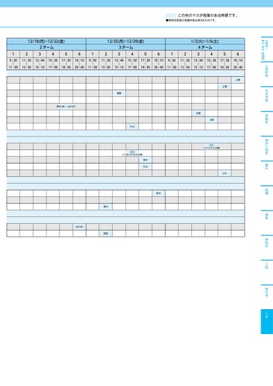 大阪校/東大・京大・医進館上本町校天王寺校京都校神戸三宮校豊中高槻堺東岸和田三田西大寺八木12/18(月)~12/22(金)122ターム34561212/25(月)~12/29(金)3ターム3456121/2(火)~1/6(土)4ターム34569:30〜11:0011:2013:4015:3017:2019:10〜〜〜〜〜12:5015:1017:0018:5020:409:30〜11:0011:2013:4015:3017:2019:1012:5015:1017:0018:5020:40〜〜〜〜〜9:30〜11:0011:2013:4015:3017:2019:10〜〜〜〜〜12:5015:1017:0018:5020:40土橋土橋本瀬土橋江川1/2~4の3日間江川野口(良)・山本(ま)進藤片山江川12/25~27の3日間高木片山影平青木植田山本(ま)
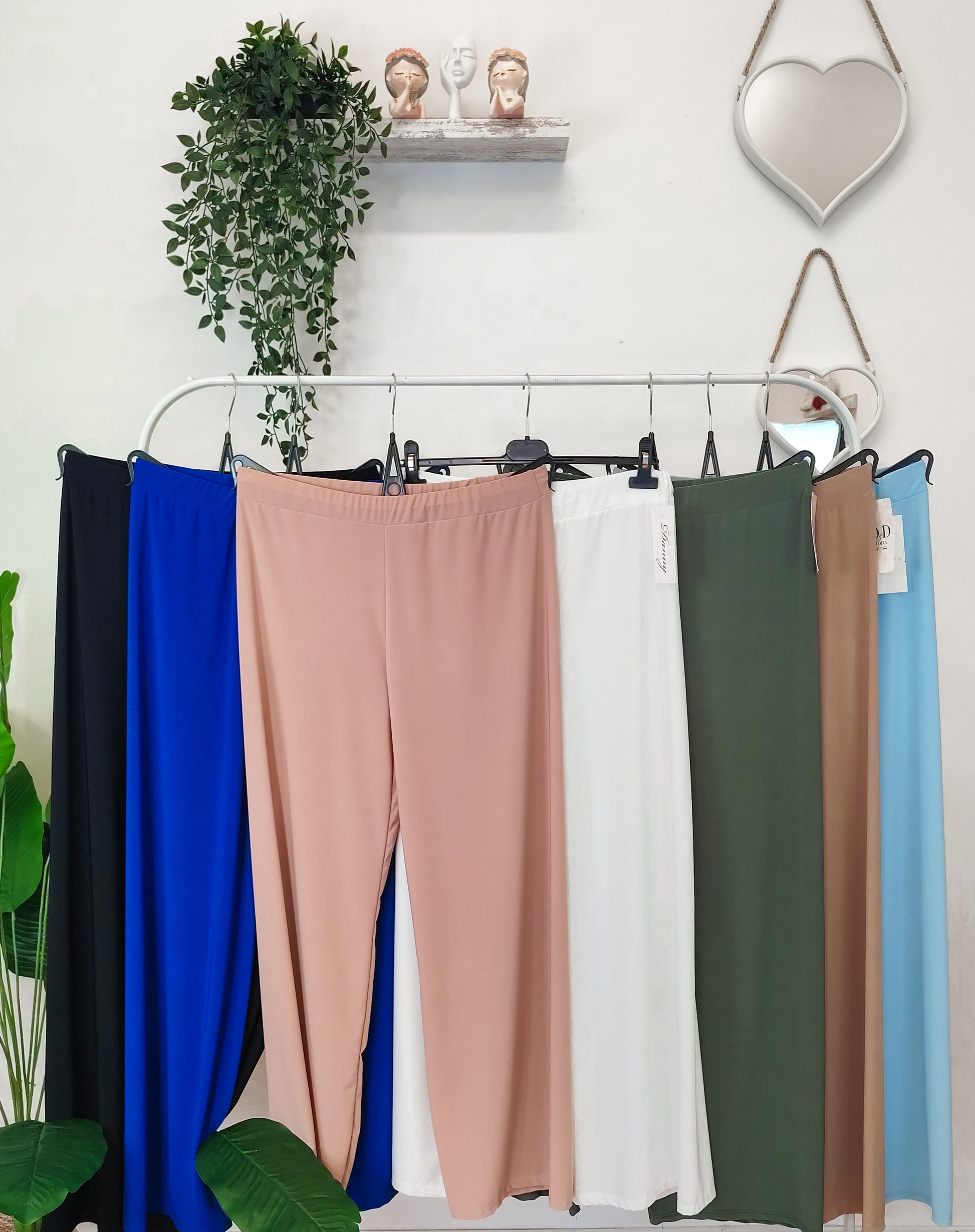 Questi pantaloni in tessuto elasticizzato si adattano dolcemente alle curve senza stringere, regalando libertà di movimento e stile in ogni occasione.
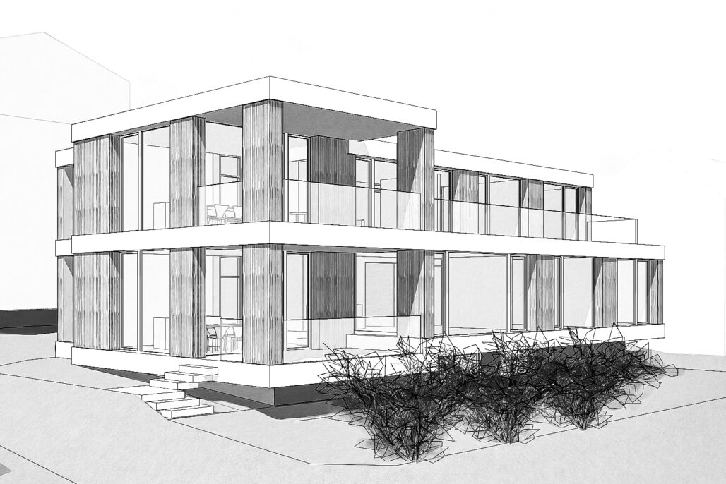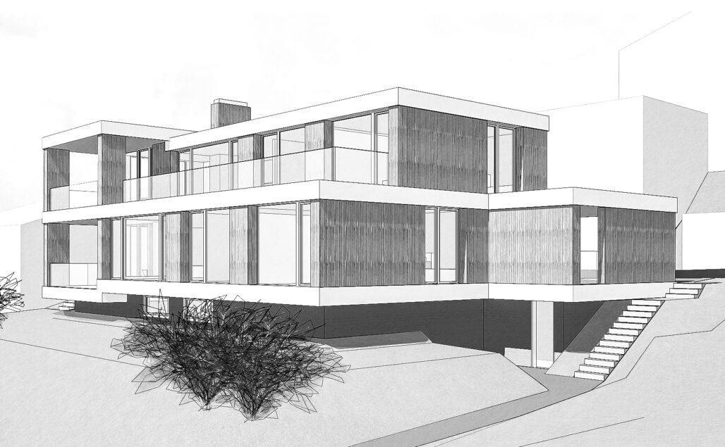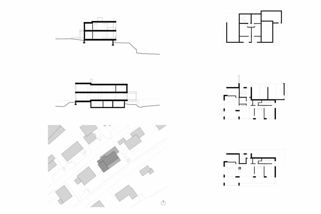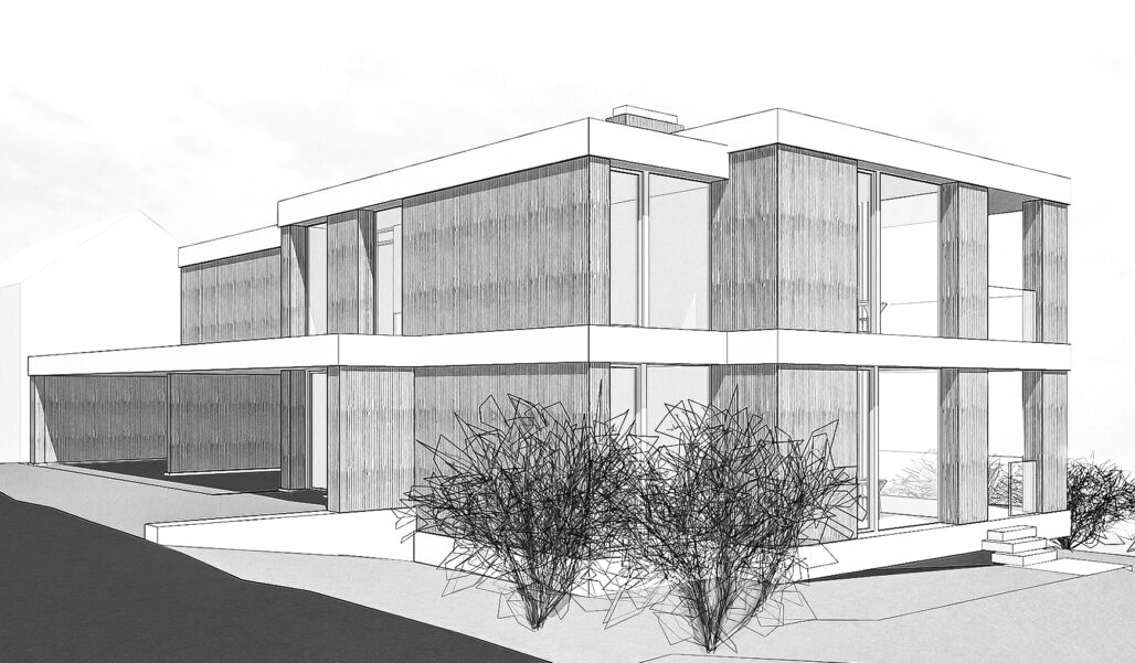 An schöner Hanglage mit Sicht auf den Zugersee und die Rigi sollen 2 gleichwertige Wohneinheiten entstehen. Die Parzelle ist oben und unten von einer Quartierstrasse und seitlich von heterogenen Einfamilienhäusern umgeben. Das Volumen öffnet sich nach Süden und zum See hin. Während sich das Erdgeschoss um die Parkplätze organisiert und den Garten als Aussenraum hat, ist das obere Geschoss zurückversetzt, was einerseits die Parkplätze überdeckt und andererseits eine grosse Terrasse ermöglicht. Die Parkierung findet von oben statt, so fügt sich das Gebäude besser in die Umgebung ein als eine Zufahrt von unten.

#### What is being asked:
Return the material from above in full, exactly as written, with the pictures omitted.

#### Exercise result:
 大阪校/東大・京大・医進館上本町校天王寺校京都校神戸三宮校豊中高槻堺東岸和田三田西大寺八木12/18(月)~12/22(金)122ターム34561212/25(月)~12/29(金)3ターム3456121/2(火)~1/6(土)4ターム34569:30〜11:0011:2013:4015:3017:2019:10〜〜〜〜〜12:5015:1017:0018:5020:409:30〜11:0011:2013:4015:3017:2019:1012:5015:1017:0018:5020:40〜〜〜〜〜9:30〜11:0011:2013:4015:3017:2019:10〜〜〜〜〜12:5015:1017:0018:5020:40土橋土橋本瀬土橋江川1/2~4の3日間江川野口(良)・山本(ま)進藤片山江川12/25~27の3日間高木片山影平青木植田山本(ま)
 Questi pantaloni in tessuto elasticizzato si adattano dolcemente alle curve senza stringere, regalando libertà di movimento e stile in ogni occasione.
 An schöner Hanglage mit Sicht auf den Zugersee und die Rigi sollen 2 gleichwertige Wohneinheiten entstehen. Die Parzelle ist oben und unten von einer Quartierstrasse und seitlich von heterogenen Einfamilienhäusern umgeben. Das Volumen öffnet sich nach Süden und zum See hin. Während sich das Erdgeschoss um die Parkplätze organisiert und den Garten als Aussenraum hat, ist das obere Geschoss zurückversetzt, was einerseits die Parkplätze überdeckt und andererseits eine grosse Terrasse ermöglicht. Die Parkierung findet von oben statt, so fügt sich das Gebäude besser in die Umgebung ein als eine Zufahrt von unten.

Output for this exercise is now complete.